Pesée entre différents intérêts

Le rapport entre la digitalisation et le risque pour la sphère privée au travail est complexe et multidimensionnel, comme l'indique Kurt Pärli. La digitalisation ne donne pas seulement la possibilité à l'employeur/employeuse de surveiller ses employé-e-s, mais permet aussi à ces derniers d'utiliser internet à mauvais escient et au détriment de l'employeur. Par ailleurs, comme le dit K. Pärli, l'abrogation de la séparation entre temps de travail et temps libre n'est par définition ni bonne ou mauvaise, puisqu'elle permet certes de réduire la sphère privée, mais rend aussi possible une meilleure organisation des loisirs et de la vie familiale de l'employé.

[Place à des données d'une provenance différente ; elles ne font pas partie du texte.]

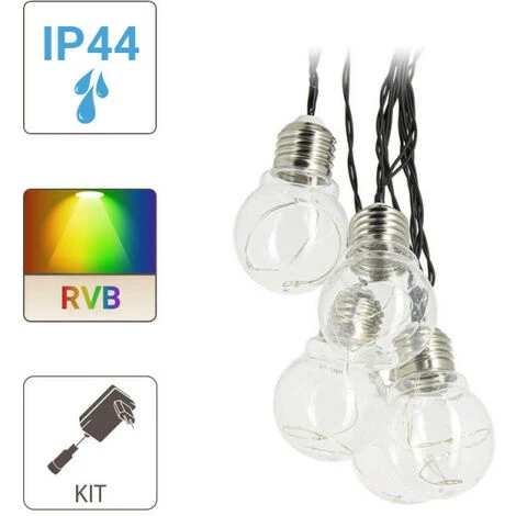 Guirlande LED (5m) composée de 10 ampoules au format P45, à la lumière multicolors.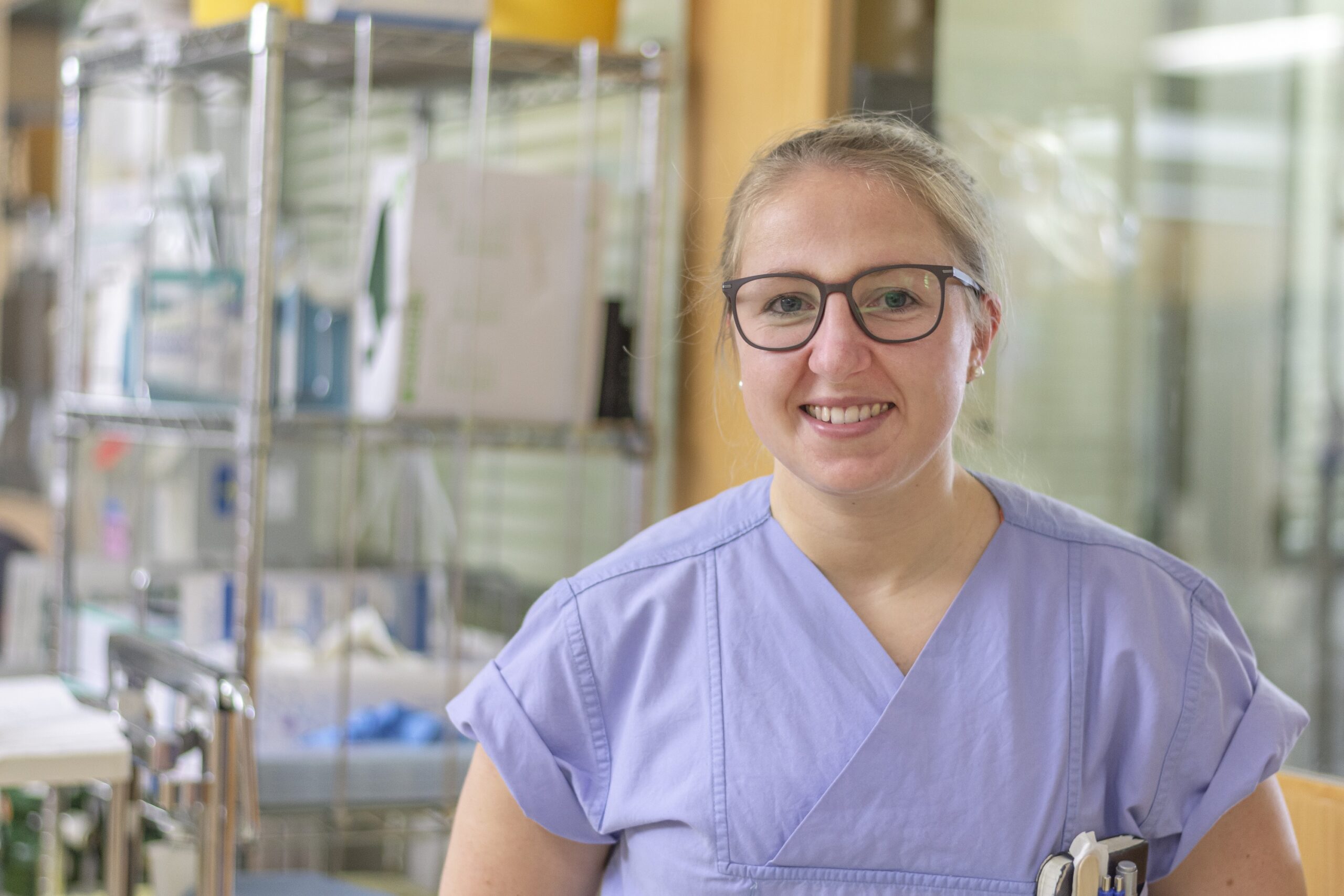 Die Versorgung der Covid-19-Patienten ist wegen der persönlichen Schutzausrüstung deutlich aufwändiger als bei anderen Patienten. „Ich kann nicht einfach mal schnell aus dem Patientenzimmer gehen, um für den Patienten Wasser zu holen. Ich bin vermummt und darf mit meiner Kleidung nichts außerhalb des Isolationszimmers anfassen,“ berichtet Lisa Brucklacher, stellvertretende Stationsleiterin, über die Arbeit auf der Corona-Intensivstation. „Das Schicksal dieser Patientinnen und Patienten geht uns allen sehr, sehr nahe. An einem Tag sprechen Sie noch mit einem Patienten, der große Angst hat. Am nächsten Tag ist er intubiert. Und dann geht es ihm plötzlich so schlecht, dass er es vielleicht nicht überlebt. Die Patienten, die es nach langer Behandlung dann doch schaffen, sind für mein Team der große Ansporn.“

Comme le souligne K. Pärli, une restriction de la sphère privée est permise si l'intérêt public ou privé de l'entreprise est prépondérant. Lors de l'évaluation d'une atteinte potentielle à la sphère privée d'un-e employé-e sur son lieu de travail, les juges doivent en effet procéder à une pesée des intérêts des deux parties. Le contenu et les limites du droit à la vie privée sur son lieu de travail, tel que par exemple énoncés dans la jurisprudence de la CrEDH à propos de l'art. 8 CEDH, constituent un cadre d'orientation.

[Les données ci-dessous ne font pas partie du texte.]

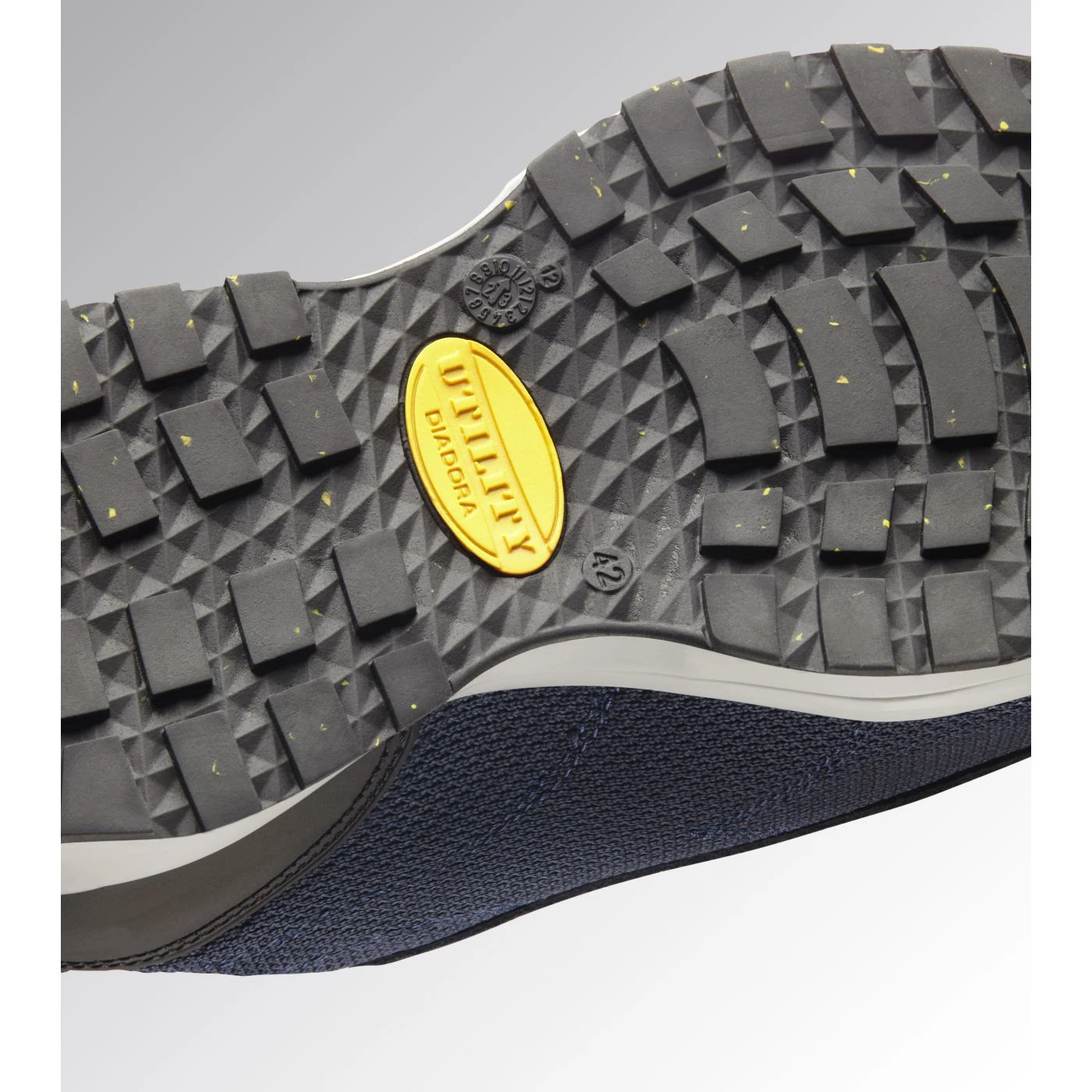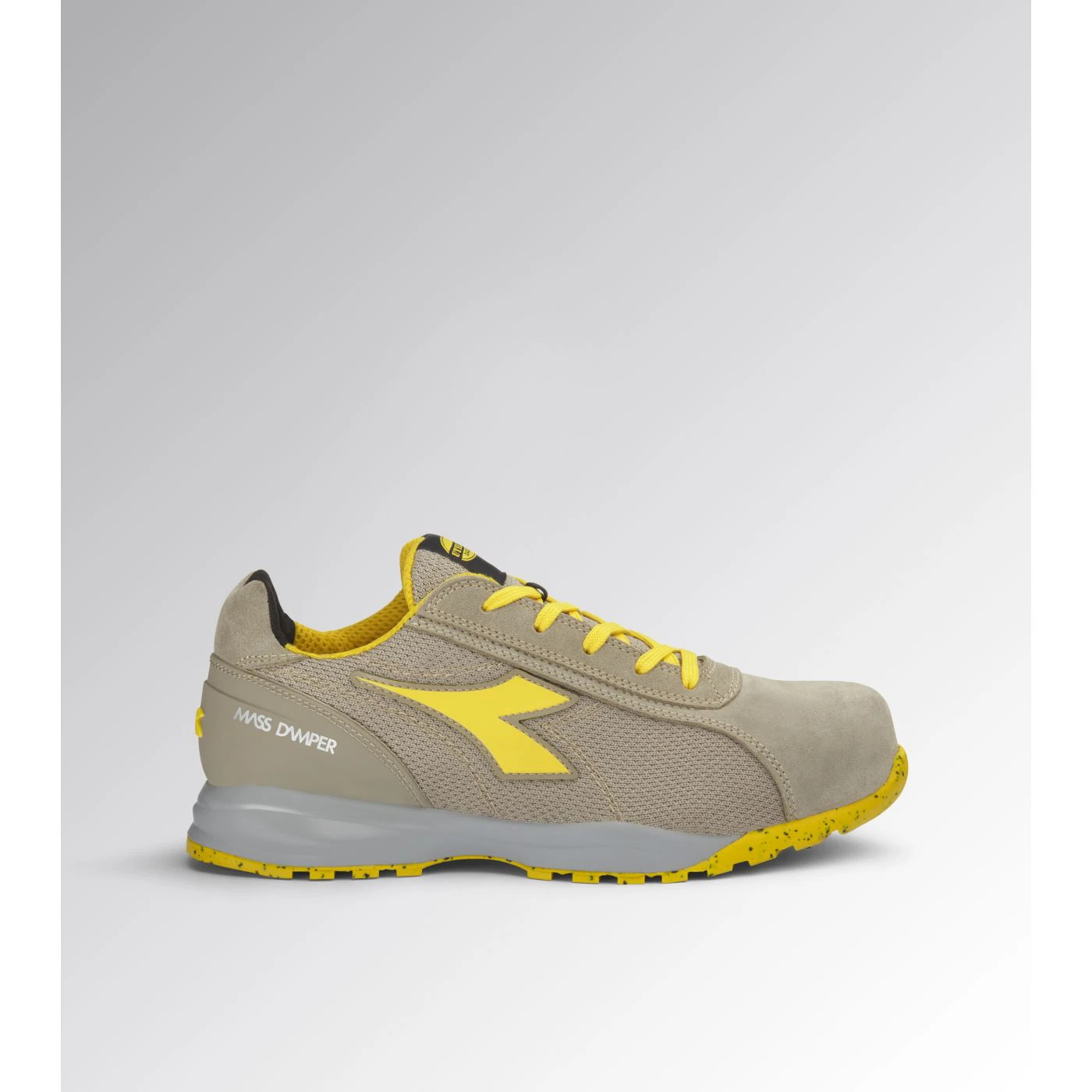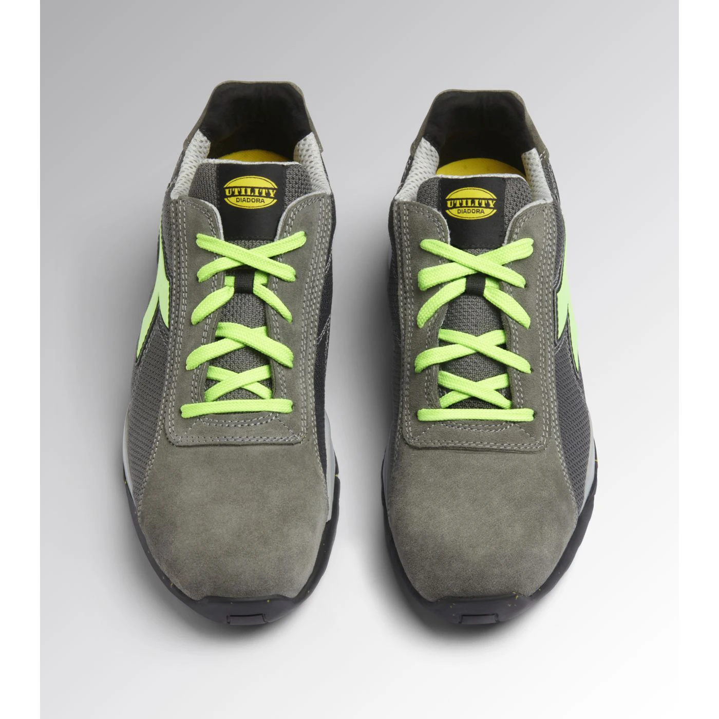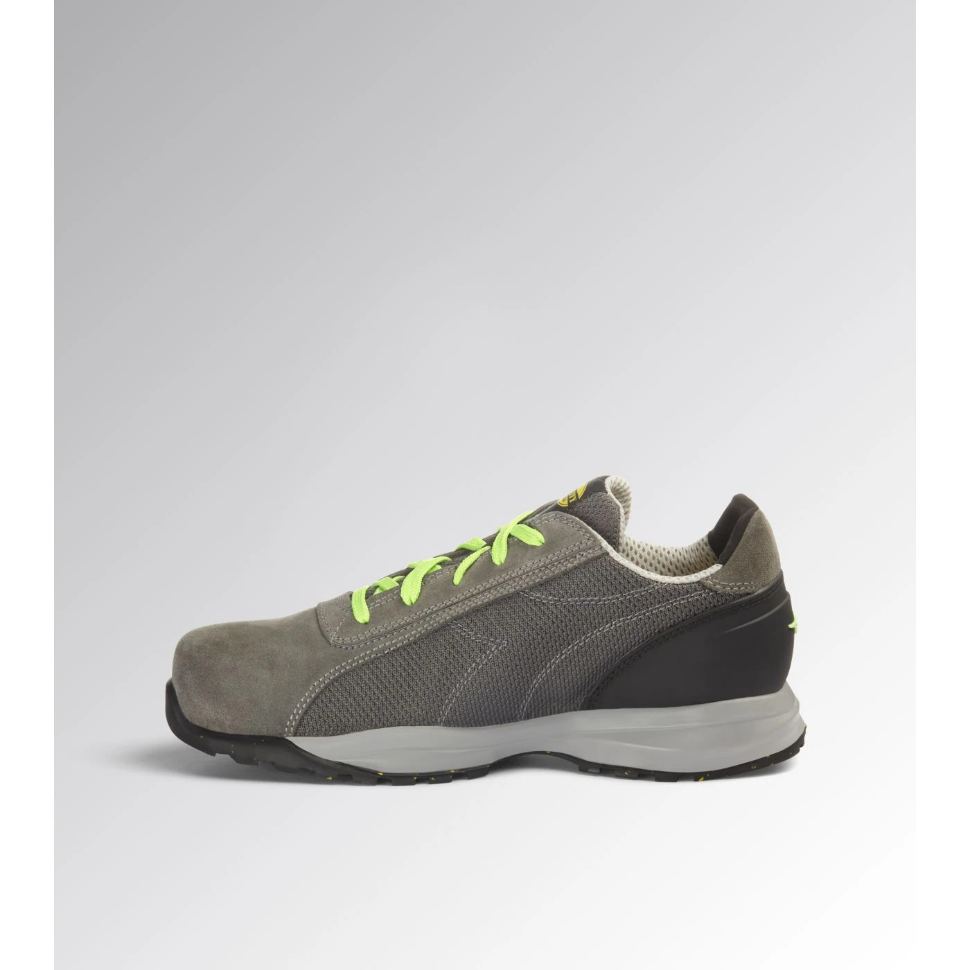 Low-cut S1PS safety shoes in cowhide suede and 100% recycled polyester fabric. Ergonomic TPU heel support. 200J aluminium toe cap. Anti-puncture K-SOLE insert. Width 11. Mass Damper System technology. Air mesh lining with a non-slip microfibre insert. Removable ergonomic insole in PU foam and activated carbon.

Le domaine protégé par l'art. 8 CEDH

Selon l'art. 8 al. 1 CEDH, toute personne a droit au respect de sa vie privée et familiale, de son domicile et de sa correspondance. Une atteinte à ce droit humain n'est permis qu'aux conditions énoncées à l'art. 8 al. 2 CEDH.

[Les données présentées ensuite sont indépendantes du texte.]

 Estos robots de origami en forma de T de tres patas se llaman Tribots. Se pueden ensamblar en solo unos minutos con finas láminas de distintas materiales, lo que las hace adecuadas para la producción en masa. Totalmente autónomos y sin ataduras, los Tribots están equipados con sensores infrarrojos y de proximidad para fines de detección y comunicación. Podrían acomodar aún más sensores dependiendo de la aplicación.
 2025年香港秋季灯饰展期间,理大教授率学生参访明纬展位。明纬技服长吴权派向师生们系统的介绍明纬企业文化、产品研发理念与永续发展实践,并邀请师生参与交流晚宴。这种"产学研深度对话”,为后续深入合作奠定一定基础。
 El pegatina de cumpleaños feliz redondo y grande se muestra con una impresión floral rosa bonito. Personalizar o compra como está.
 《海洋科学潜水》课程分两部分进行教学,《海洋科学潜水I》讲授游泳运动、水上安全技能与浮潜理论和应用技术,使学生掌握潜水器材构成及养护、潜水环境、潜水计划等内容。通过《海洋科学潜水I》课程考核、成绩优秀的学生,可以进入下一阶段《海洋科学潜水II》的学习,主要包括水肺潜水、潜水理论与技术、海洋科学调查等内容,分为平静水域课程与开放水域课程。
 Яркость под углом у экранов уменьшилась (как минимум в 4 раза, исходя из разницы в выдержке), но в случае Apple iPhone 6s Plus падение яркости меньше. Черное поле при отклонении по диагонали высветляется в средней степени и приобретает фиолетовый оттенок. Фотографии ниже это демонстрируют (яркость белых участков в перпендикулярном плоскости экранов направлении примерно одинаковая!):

Plusieurs décisions importantes de la CrEDH ont permis de définir plus précisément la protection de la sphère privée au travail. La CrEDH étend en effet le champ de protection de l'art. 8 CEDH au lieu de travail, en indiquant que la vie privée englobe le monde du travail et en précisant que la correspondance inclut aussi les e-mails et l'utilisation d'internet. Selon la CrEDH, le droit à la vie privée comprend notamment le droit de nouer des relations avec des autres personnes et de les entretenir, y compris sur le lieu de travail. Par conséquent, les règles d'une entreprise concernant les pauses qui empêchent un échange social, une relation amoureuse ou un simple rendez-vous entre collègues ainsi que les règles d'une entreprise qui interdisent toute utilisation privée d'e-mails, du téléphone ou d'internet pendant le temps de travail touchent au droit à la vie privée au sens de l'art. 8 al. 1 CEDH. De tels règlements ne sont pas interdits, mais doivent pouvoir se justifier au regard de l'art. 8 al. 2 CEDH et être clairement annoncés en amont aux employé-e-s. L'ingérance doit être prévue par la loi, elle doit viser l'un des buts énoncés à l'art. 8 al. 2 CEDH et être proportionnelle au but visé. Une pesée des intérêts adéquate est donc nécessaire, puisque le simple intérêt professionnel de l'entreprise ne constitue pas un motif suffisant pour restreindre le droit à la vie privée des employé-e-s.

Responsabilité du tribunal, du législateur et des partenaires sociaux

Le droit à la vie privée s'étend donc au monde du travail. En cas d'éventuelle restriction à la vie privée, les tribunaux nationaux sont eux aussi tenus de procéder à une pesée des intérêts. Pour pouvoir faire face à de tels défis, il y aurait pourtant, selon K. Pärli, besoin de plus que les droits humains relatifs à la protection des données et de la sphère privée garantis par le droit international et la Constitution. K. Pärli défend le point de vue que les législateurs nationaux doivent également assumer une part de responsabilité, puisqu'ils concrétisent le droit positif dans des lois et des ordonnances. Enfin, les partenaires sociaux devraient être encouragés à accorder une attention particulière à cette thématique lors de l'élaboration de Conventions collectives et de leur mise en œuvre au niveau de l'entreprise.